WORK TO BE COMPLETED. When you copy the data, keep every line exactly as written and skip the pictures.

DATASET EXCERPT.
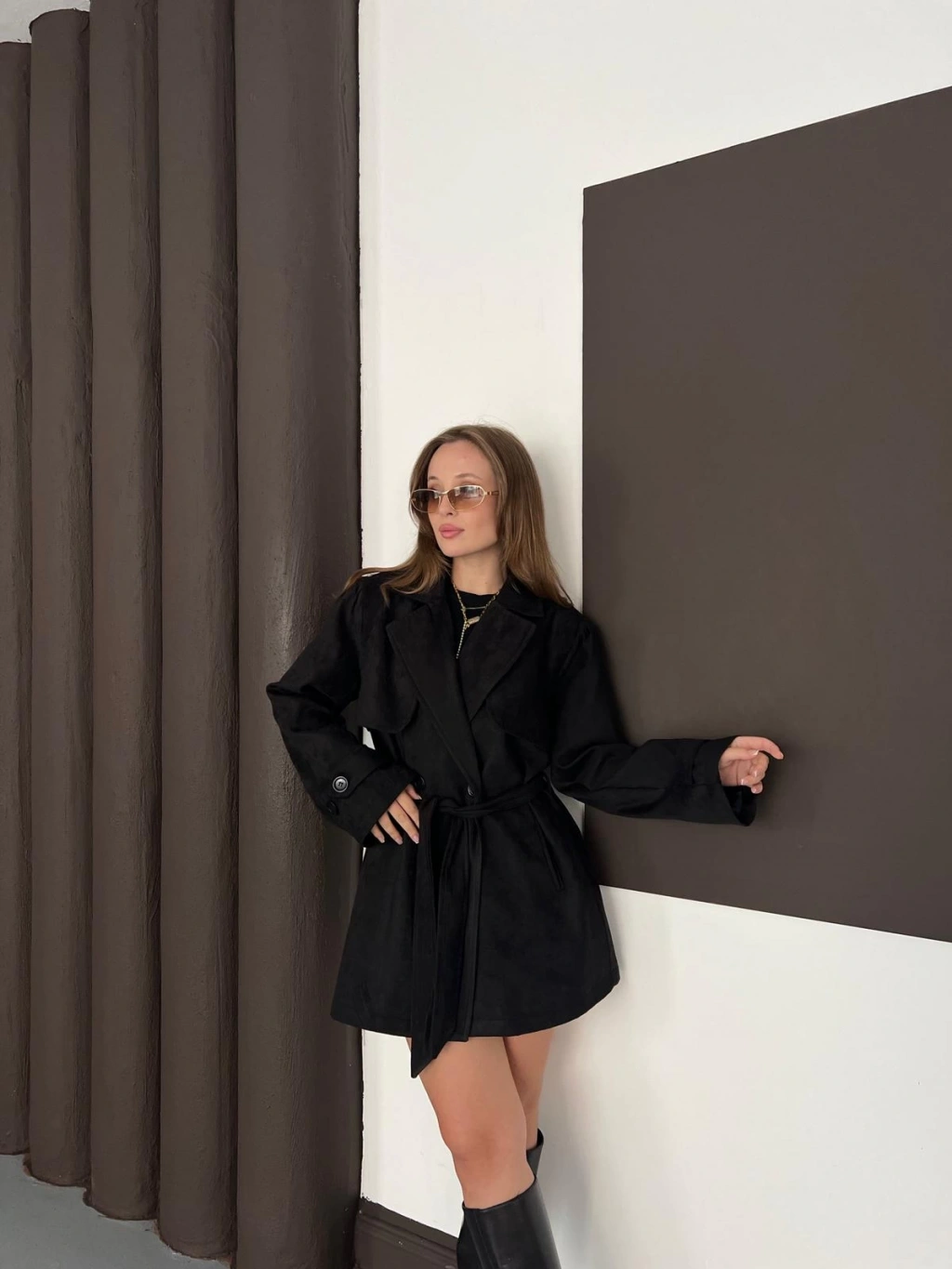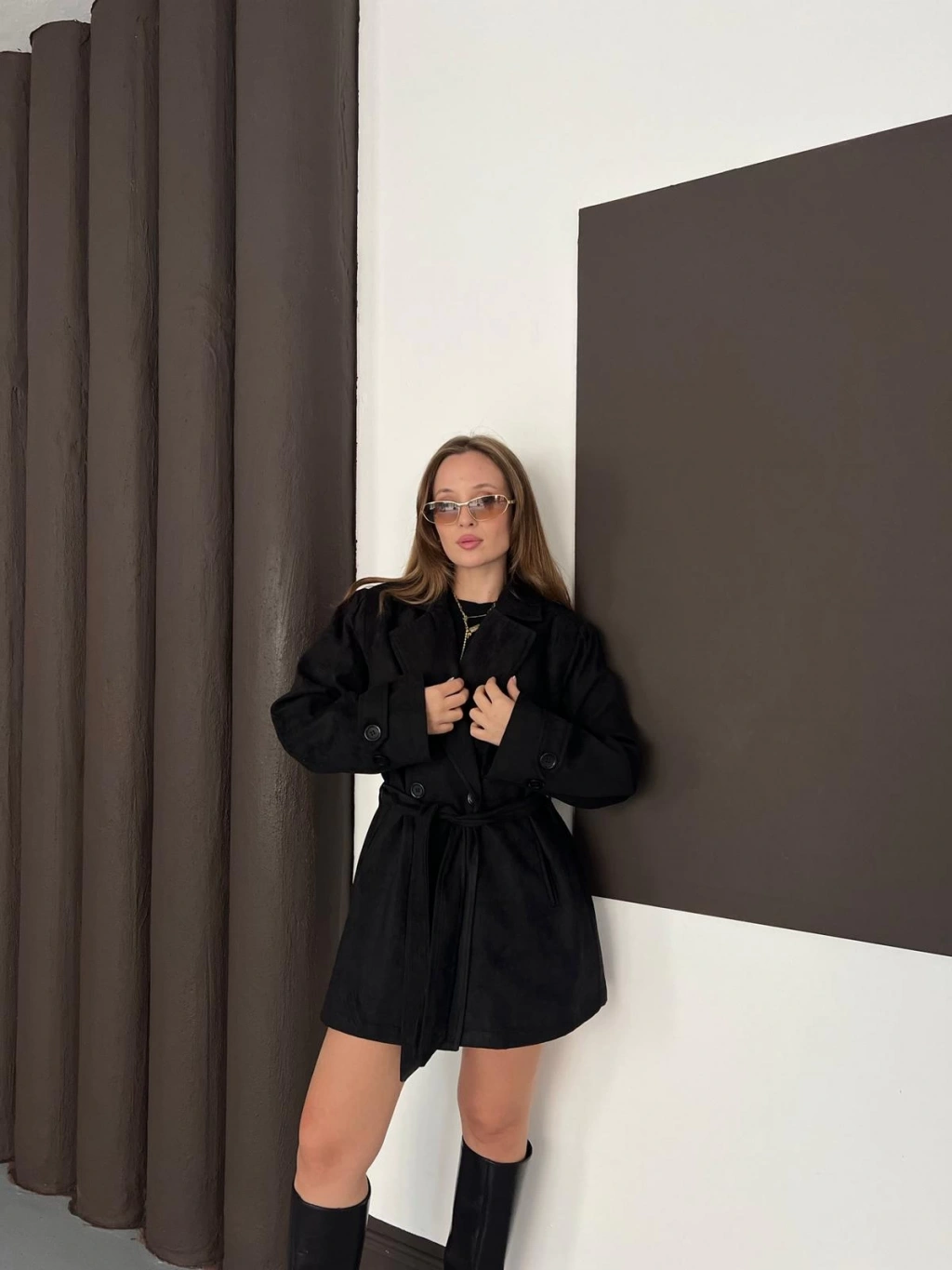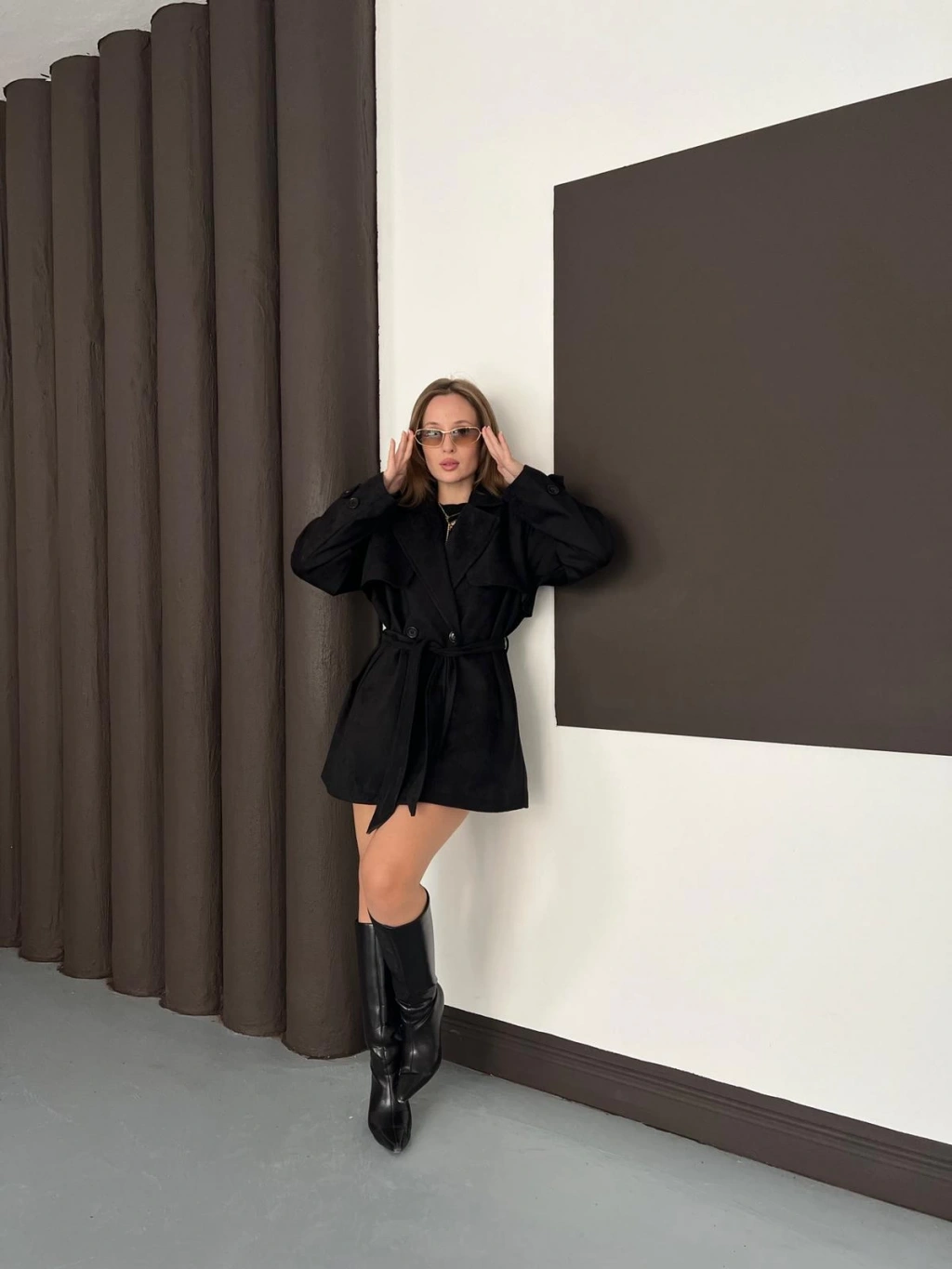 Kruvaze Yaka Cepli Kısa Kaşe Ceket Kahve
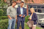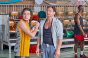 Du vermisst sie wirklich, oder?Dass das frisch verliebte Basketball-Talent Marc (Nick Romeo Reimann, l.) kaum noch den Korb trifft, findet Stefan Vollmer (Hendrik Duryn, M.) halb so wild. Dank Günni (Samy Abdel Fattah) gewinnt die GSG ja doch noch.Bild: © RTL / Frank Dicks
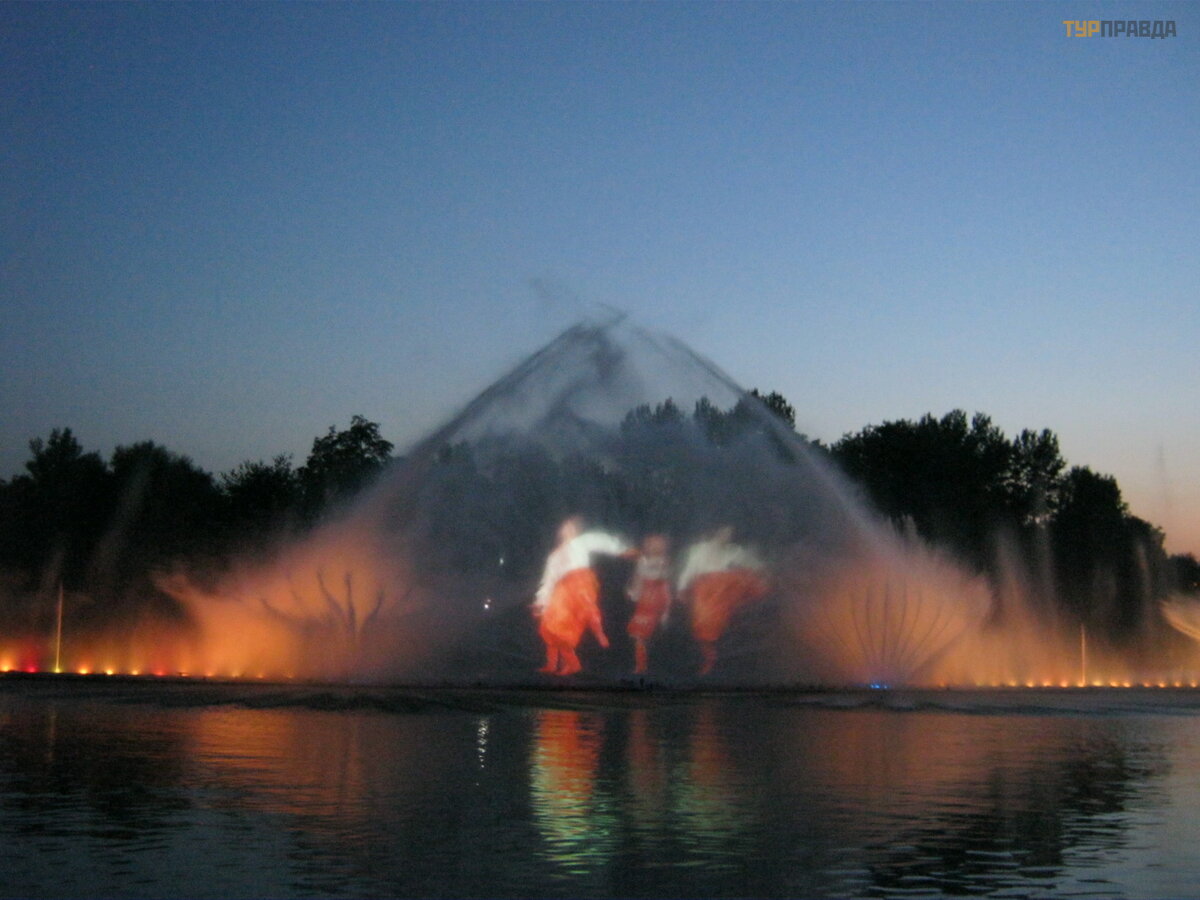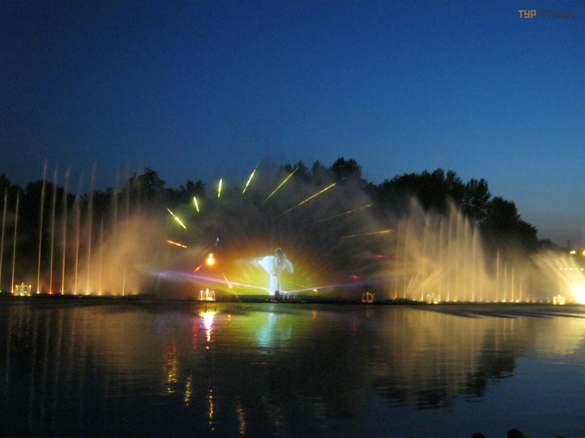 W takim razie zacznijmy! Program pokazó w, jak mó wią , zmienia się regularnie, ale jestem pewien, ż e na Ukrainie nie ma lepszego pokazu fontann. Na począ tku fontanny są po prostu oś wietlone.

EXERCISE ANSWER.
 Kruvaze Yaka Cepli Kısa Kaşe Ceket Kahve
 Du vermisst sie wirklich, oder?Dass das frisch verliebte Basketball-Talent Marc (Nick Romeo Reimann, l.) kaum noch den Korb trifft, findet Stefan Vollmer (Hendrik Duryn, M.) halb so wild. Dank Günni (Samy Abdel Fattah) gewinnt die GSG ja doch noch.Bild: © RTL / Frank Dicks
 W takim razie zacznijmy! Program pokazó w, jak mó wią , zmienia się regularnie, ale jestem pewien, ż e na Ukrainie nie ma lepszego pokazu fontann. Na począ tku fontanny są po prostu oś wietlone.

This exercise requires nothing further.